▶ _Records shown_
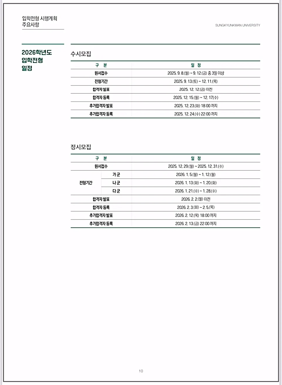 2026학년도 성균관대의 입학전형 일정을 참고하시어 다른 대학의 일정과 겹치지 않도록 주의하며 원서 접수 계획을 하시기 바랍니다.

---

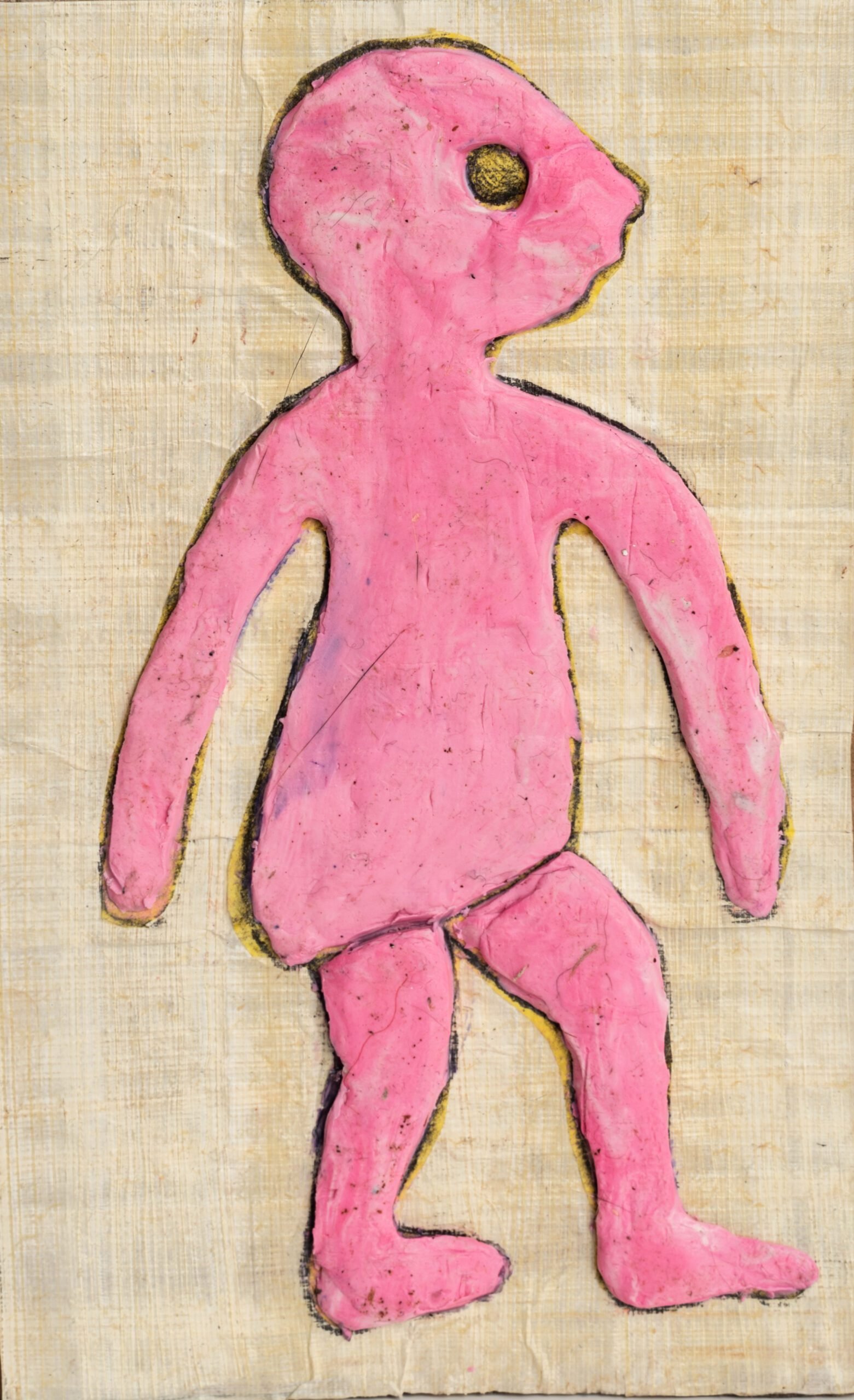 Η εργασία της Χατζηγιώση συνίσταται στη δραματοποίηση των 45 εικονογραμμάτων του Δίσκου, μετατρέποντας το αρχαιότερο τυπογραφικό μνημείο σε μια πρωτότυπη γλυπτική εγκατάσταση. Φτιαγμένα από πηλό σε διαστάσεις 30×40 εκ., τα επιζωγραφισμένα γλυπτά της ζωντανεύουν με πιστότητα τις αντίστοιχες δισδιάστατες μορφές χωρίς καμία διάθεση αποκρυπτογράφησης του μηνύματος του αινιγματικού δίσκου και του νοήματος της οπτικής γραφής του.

--

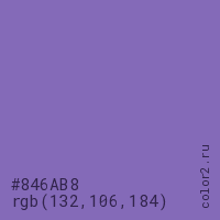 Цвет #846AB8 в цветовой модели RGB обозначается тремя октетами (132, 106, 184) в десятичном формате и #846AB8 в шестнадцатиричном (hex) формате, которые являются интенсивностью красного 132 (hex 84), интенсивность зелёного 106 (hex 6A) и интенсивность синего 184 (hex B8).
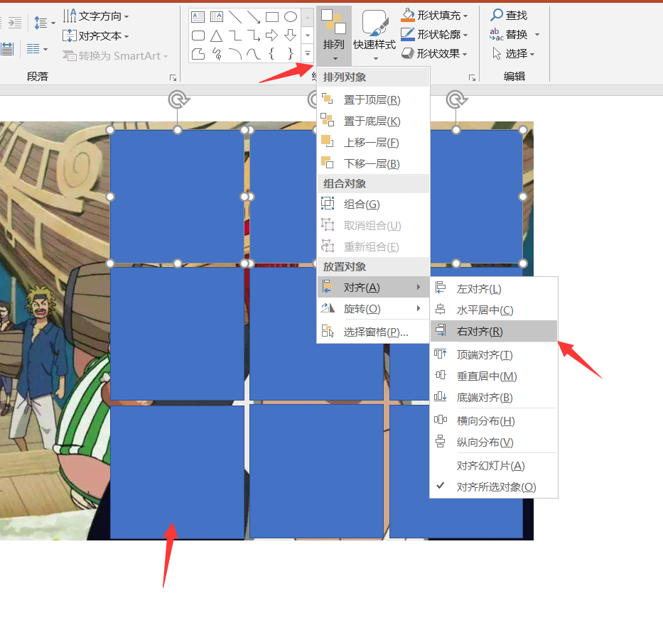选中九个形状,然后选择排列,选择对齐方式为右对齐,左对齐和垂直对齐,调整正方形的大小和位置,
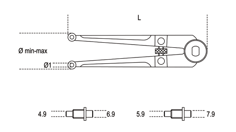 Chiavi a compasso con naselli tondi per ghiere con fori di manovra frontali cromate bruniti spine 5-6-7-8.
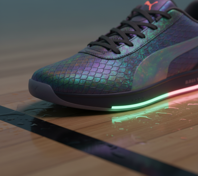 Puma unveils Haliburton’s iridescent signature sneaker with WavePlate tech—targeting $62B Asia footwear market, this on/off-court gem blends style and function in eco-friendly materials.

▶ _Problem_
Would you please reproduce the entries above, starting at the line with "选中九个形状,然后选择排列,选择对齐方式" and stopping after the line with "Chiavi a compasso"? Omit any pictures.

▶ _Written solution_
选中九个形状,然后选择排列,选择对齐方式为右对齐,左对齐和垂直对齐,调整正方形的大小和位置,
 Chiavi a compasso con naselli tondi per ghiere con fori di manovra frontali cromate bruniti spine 5-6-7-8.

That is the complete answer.